AVS 53rd International Symposium
    Nanometer-scale Science and Technology Thursday Sessions
       Session NS-ThP

Paper NS-ThP22
Evaluation of Immobilization Techniques on the Performance of Nanocrystalline TiO2-Polymer Composite Films

Thursday, November 16, 2006, 5:30 pm, Room 3rd Floor Lobby

Session: Nanoscale Science and Technology Poster Session
Presenter: E. Cruz, Sandia National Laboratories - Lawrence Berkeley National Laboratory, ALS division
Authors: E. Cruz, Sandia National Laboratories - Lawrence Berkeley National Laboratory, ALS division
B.A. Simmons, Sandia National Laboratories
Correspondent: Click to Email
Titanium dioxide (TiO2) has been used extensively over the years as a very effective photocatalyst capable of purifying water from organic contaminants.

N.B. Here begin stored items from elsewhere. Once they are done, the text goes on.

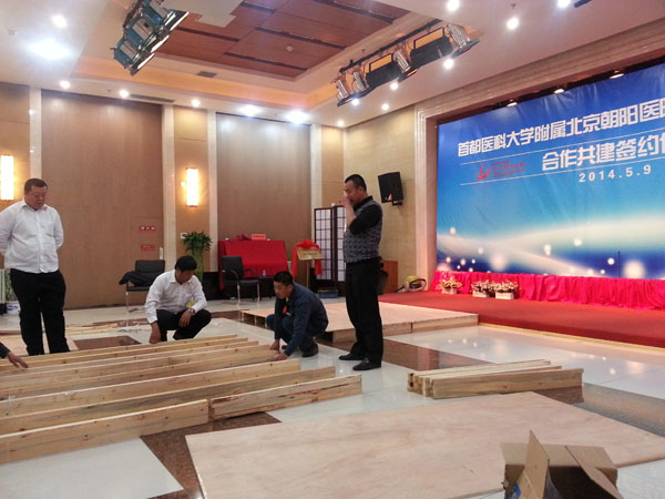 时间倒回至5月8日晚10点,“河北燕达医院与北京朝阳医院合作共建协议签约仪式”进入倒计时阶段。多功能厅此时已全面布置完毕。由于此次仪式级别较高,因此受到河北各级领导的高度重视,为确保会议正常、高质量的召开,参与本次活动的河北省领导在河北燕达医院领导的陪同下,再次到现场确认了会场的布置情况。考察后,省领导当场做出工作指示,希望能在现有基础上加以调整:推翻原有布置方案,将已安装就位的背景板抬高40公分,将主席台全面向外延伸2.5米距离,更换签约椅、讲话台等等。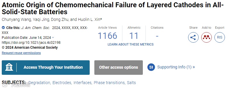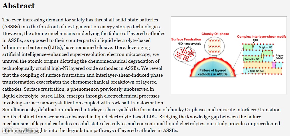 相关研究成果以Atomic Origin of Chemomechanical Failure of Layered Cathodes in All-Solid-State Batteries为题发表在《美国化学会志》(JACS)上。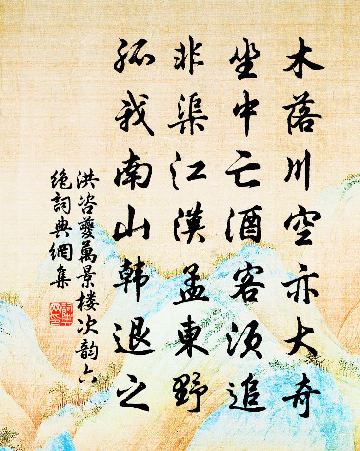 詩詞名句歷史字典書法欣賞書法字典國語詞典說文解字康熙字典古漢語字典標 題 作 者 詩 句 萬景樓次韻六絕作者:洪咨夔 朝代:宋代萬景樓次韻六絕原文木落川空亦大奇,坐中亡酒客須追。非渠江漢孟東野,孤我南山韓退之。詩詞問答問:萬景樓次韻六絕的作者是誰?答:洪咨夔問:萬景樓次韻六絕寫於哪個朝代?答:宋代洪咨夔萬景樓次韻六絕書法欣賞萬景樓次韻六絕書法作品詩詞推薦題梅山雲悅樓鍾訧〔宋代〕我匪悅云云悅我,雲兮與我一無心。知君只愛雲中隱,不肯出山無處尋。山中敘志王績〔唐代〕物外知何事,山中無所有。風鳴靜夜琴,月照芳春酒。直置百年內,誰論千載後。張奉娉賢妻,老萊藉嘉偶。孟光答臨淄公見招韓維〔宋代〕帝思元老付關西,公受兵符與命圭。應識疲羸須鎮撫,便期愚散豫招攜。漢家宮殿看龍首,秦地山川入馬蹄。自愧紹興十四年奉上徽宗冊實三首真宗〔宋代〕於鑠徽考,如天莫名。迨茲丕揚,擬純粹精。溫玉鏤文,來至於祊。有嚴奕奕,禮備樂成。送高學士知越陳知微〔宋代〕會稽新命剖魚符,又向蓬山鎖直廬。林壑縈迴多洞府,人煙高下半樓居。知音好采柯亭竹,博物應探禹穴書。公暇和林寶文吹暑軒二絕王炎〔宋代〕木末長風送雨來,田家遠近稻花開。披襟燕坐黃堂靜,一笑江山爽氣回。八月八日發潭州後得絕句四十首趙蕃〔宋代〕晚日才能度兩灘,詰朝應復又成乾。從來但說溯流苦,到我順流良亦難。行飯暮歸陸游〔宋代〕宿疾去如掃,出門芒屨輕。菊叢寒蝶鬧,楓葉夕陽明。結陣看鴉集,銜衣喜犬迎。踟躇搔白首,詩句入經營。謝韓孔惠見訪劉克莊〔宋代〕千林黃落澗冰堅,應是江湖作雪天。偶有客過居士室,絕無人識孝廉船。繡衣二使交章薦,黃冊諸郎律賦傳。莫向別趙惟直李流謙〔宋代〕邂逅都城一笑休,卻來萬里共羈游。關河地迥仍分首,桃李春深已放舟。詩卷長留開倦目,酒杯盡嚼豁離居。追風隆興書堂自警三十五首陳淳〔宋代〕茫茫八極內,何莫非斯人。苟非富道義,何異彼黔民。跋劉敏叔畫楊誠齋先生探梅圖鄧剡〔宋代〕夜起詩翁吟骨健,雪寒梅瘦月初生。誰教霜月閒描畫,景物和人成五清。隱居耕吳〔宋代〕得失雨忘機,何心問是非。難求斬馬劍,且守釣魚磯。鶴瘦添新料,兒寒補舊衣。詩成興飄逸,天外片雲飛。和劉與幾悟昔吳芾〔宋代〕先生豈是傲當時,知向名場是識機。擾擾半生蝴蝶夢,休休今日綠蓑衣。筆端信有江山助,醉里從教日月飛。應笑送董伯和西歸陳著〔宋代〕葉葉青霞衣,來赴山中期。相看到忘言,日夜春風吹。昨夜雨瀟瀟,今日君欲歸。人生如夢寐,世道正嶮巇。我發嘉定庚辰正月二日楊尚書率同年團拜於西湖之崔與之〔宋代〕雪裡同騎白玉鰲,湖山人物一時高。銀潢下瀉波千頃,寶鑑帝開水半篙。我欲乘風驚老大,誰將翦水戲兒曹。梅花秋思絕句陸游〔宋代〕黃蛺蝶輕停曲檻,紅蜻蜓小過橫塘。老人未肯殺風景,睡起熏籠重炷香。出都赴鄭作宋庠〔宋代〕初免鴻樞任,無庸白髮身。衰年雖去國,榮路尚妨人。官借荀池舊,恩加漢節新。鳴鐃先繡幰,彀騎挾朱輪。梁雪和百塔寺四首水閣黃庶〔宋代〕山僧聽泉心不足,鑿池汲引為蟾泓。自言猶欲洗俗耳,夜靜為聞蛙黽聲。贈風鑒神眼徐元傑〔宋代〕世道支撐盡要人,閱人多後眼通神。一朝相去三丞相,今昔同歸識認親。名句推薦親所好,力為具。親所惡,謹為去。李毓秀《弟子規·入則孝》 我亦飄零久!顧貞觀《金縷曲二首》 馬蹄濃露,雞聲淡月,寂歷荒村路。張榘《青玉案·被檄出郊題陳氏山居》 天蒼蒼,野茫茫。風吹草低見牛羊。佚名《敕勒歌》 書無不可讀者!魏徵《隋書·列傳·卷四十一》 芳樹無人花自落,春山一路鳥空啼。李華《春行即興》 魯酒不可醉,齊歌空復情。李白《沙丘城下寄杜甫》 小娃撐小艇,偷采白蓮回。白居易《池上》 審知四度,可以定天下,可安一國。佚名《黃帝四經·經法·四度》 深知身在情長在,悵望江頭江水聲。李商隱《暮秋獨游曲江》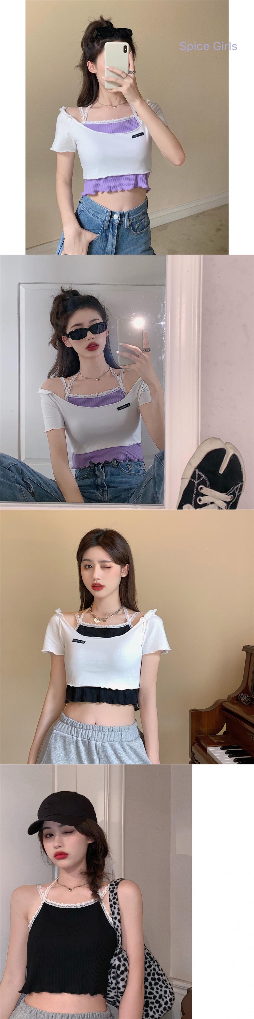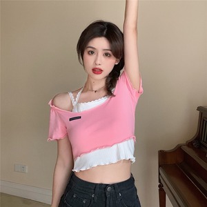 ワンショルダーショートクロップトップ2020年夏新作センスピンク半袖Tシャツ女性イントレンド タオタオイ69575271106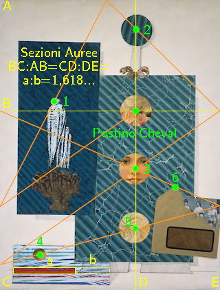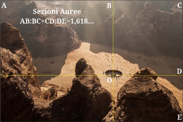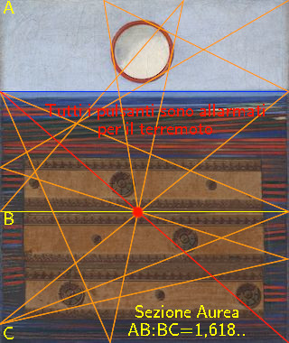 Tutte le linee che passono per il centro segnato in rosso sfiorano i pulsanti segnati sull’immaginario quadro di controllo dell’azione tellurica di devastazione. La Sezione Aurea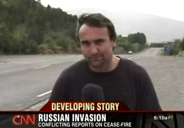 Newsroom replays a stand-up originally done for International. Michael describes the Russian army troops who have just left the road outside Gori.
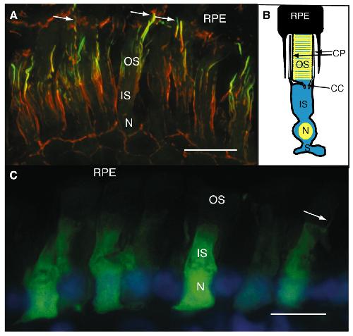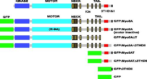 Myosin 3A transgene expression produces abnormal actin filament bundles in transgenic Xenopus laevis rod photoreceptors., J Cell Sci 2004 |
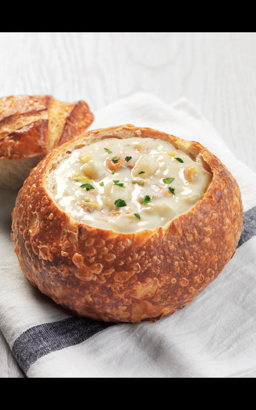The best seller, served in a freshly baked sourdough bread bowl, was made popular at Fisherman’s Wharf in San Francisco. It’s filled with clams and potatoes, a whisper of pepper and sprinkling of parsley.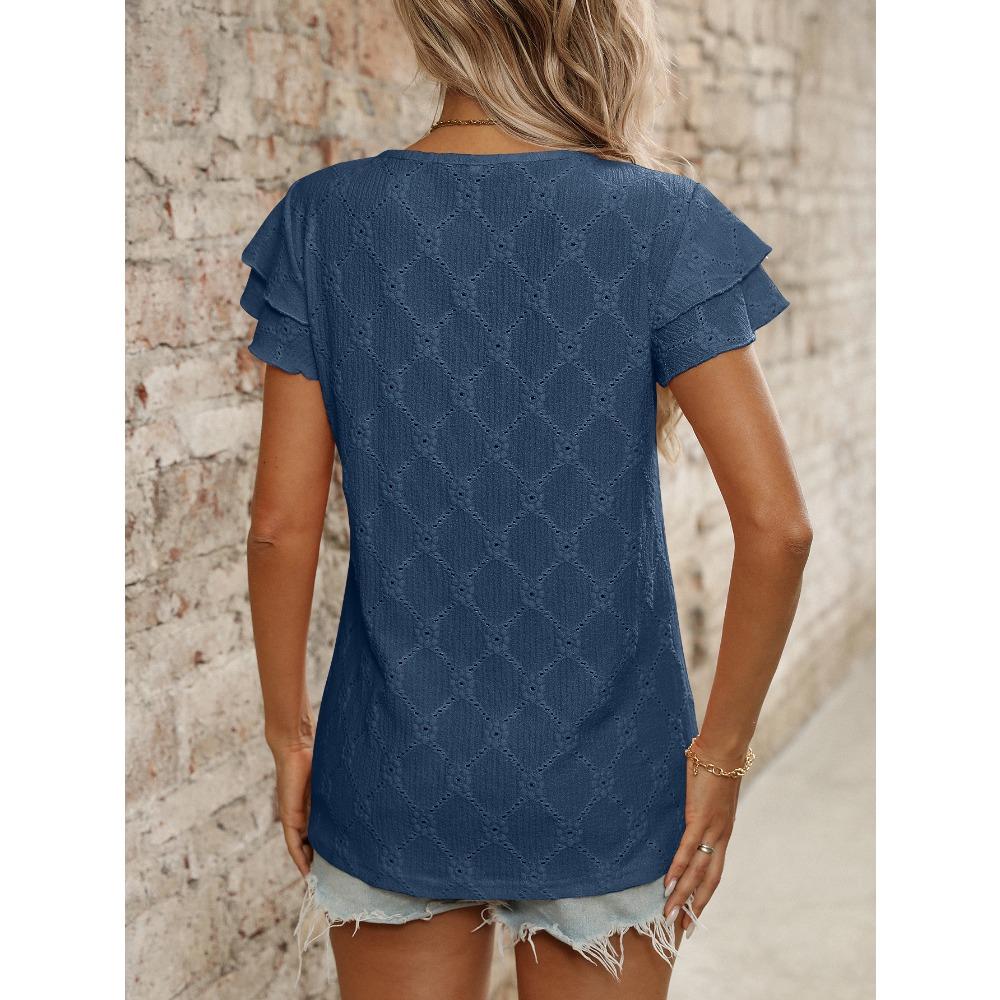 Женская летняя футболка нового стиля с круглым вырезом, однотонная, с короткими рукавами, с вырезом сверху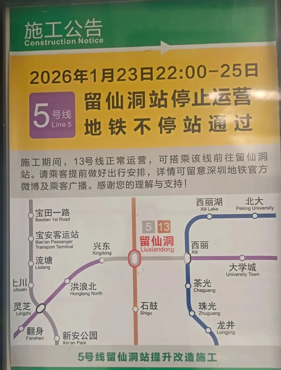 · 5号线 留仙洞站 将 暂停运营,列车 不停站通过。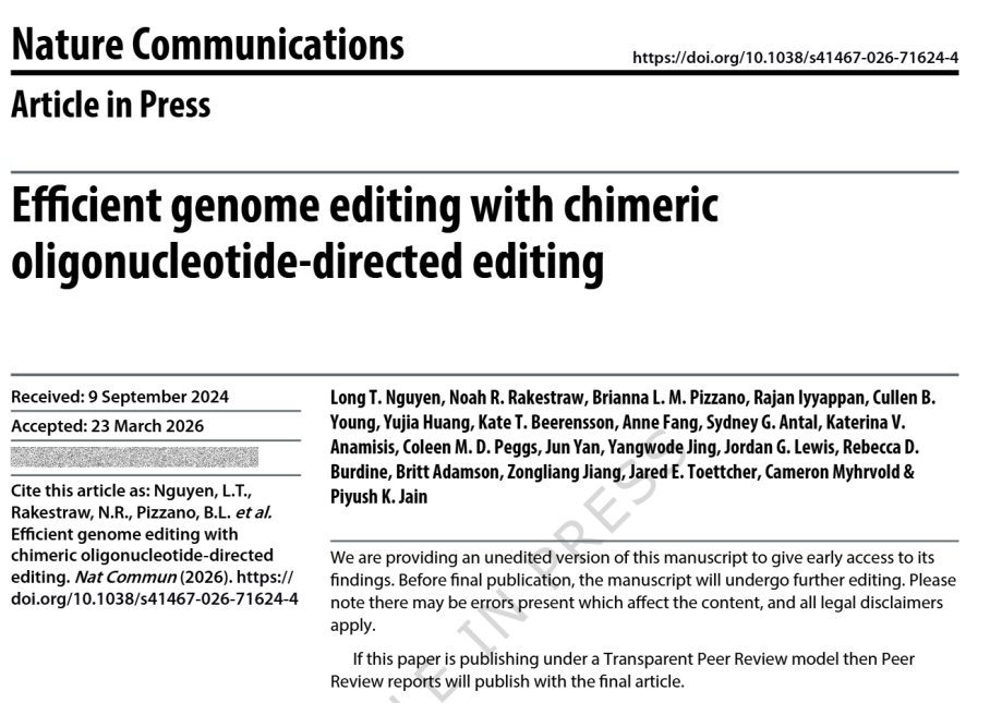 基因编辑领域再添重磅工具!近日,国际顶级期刊Nature Communications发表一项突破性研究,科学家成功开发出嵌合寡核苷酸定向编辑(CODE) 系统,打破传统先导编辑的技术瓶颈,以更简单的结构、更高的效率,实现无 DNA 双链断裂的精准基因组修改,为基因治疗、动物育种、疾病建模带来全新可能。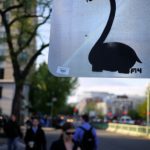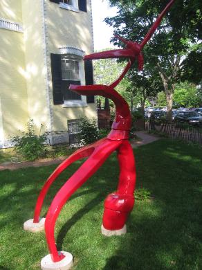 In the inaugural Foggy Bottom Outdoor Sculpture Exhibit, the Foggy Bottom Association has installed twelve sculptures within the gardens and front yards of some of the neighborhood’s colorful homes. They are all contemporary works by D.C. metro area artists, and they contrast nicely with the historic homes, some of which date back to Foggy Bottom’s 19th century working class days.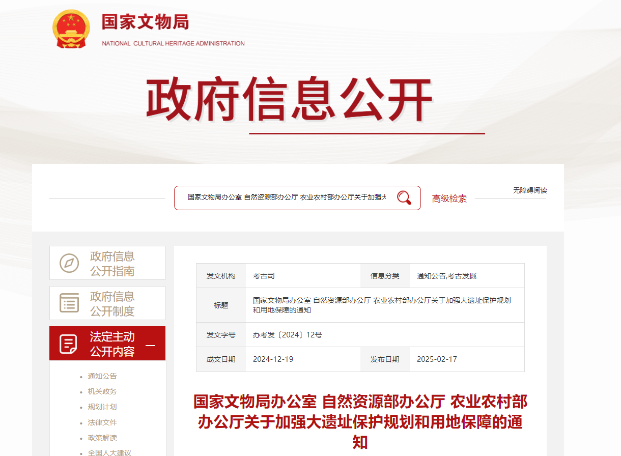 为深入贯彻落实党中央、国务院有关加强文物系统性保护和合理利用的要求,落实《国务院办公厅关于印发“十四五”文物保护和科技创新规划的通知》(国办发〔2021〕43号),进一步加强大遗址保护规划和用地保障,现就有关事项通知如下:

In a slurry of free particles and liquids, however, it is complex and costly to remove the titanium dioxide from the purified water effectively. This study investigates the immobilization of titanium dioxide on a variety of robust mesh structures with numerous techniques that can be used repeatedly for water purification operations. Various deposition methods and substrate combinations are presented and evaluated in terms of degradation efficiency of a mock pollutant. Scanning electron microscope (SEM) micrographs reveal the morphological characteristics of the TiO2-matrix support and the nature of the solid-liquid interface. Mechanical stability and robustness of the TiO2 support structures will also be discussed as a function of lifetime and durability. In our experiments, a flow-thru cell is used to contain the TiO2-matrix support. A pump-manifold system is then utilized to introduce the mock contaminated water that contains the dye methyl orange. This flow thru cell is irradiated at 300-nm, 350-nm and 419-nm wavelengths at different time intervals with different incident fluxes of light. Methyl orange degradation is evaluated using UV-Vis spectroscopy as a measure of the overall photocatalytic activity of the immobilized TiO2. We have also investigated the impact of doped TiO2 in terms of activity and wavelength dependence. The immobilized TiO2 films were observed to be very efficient decontamination substrates.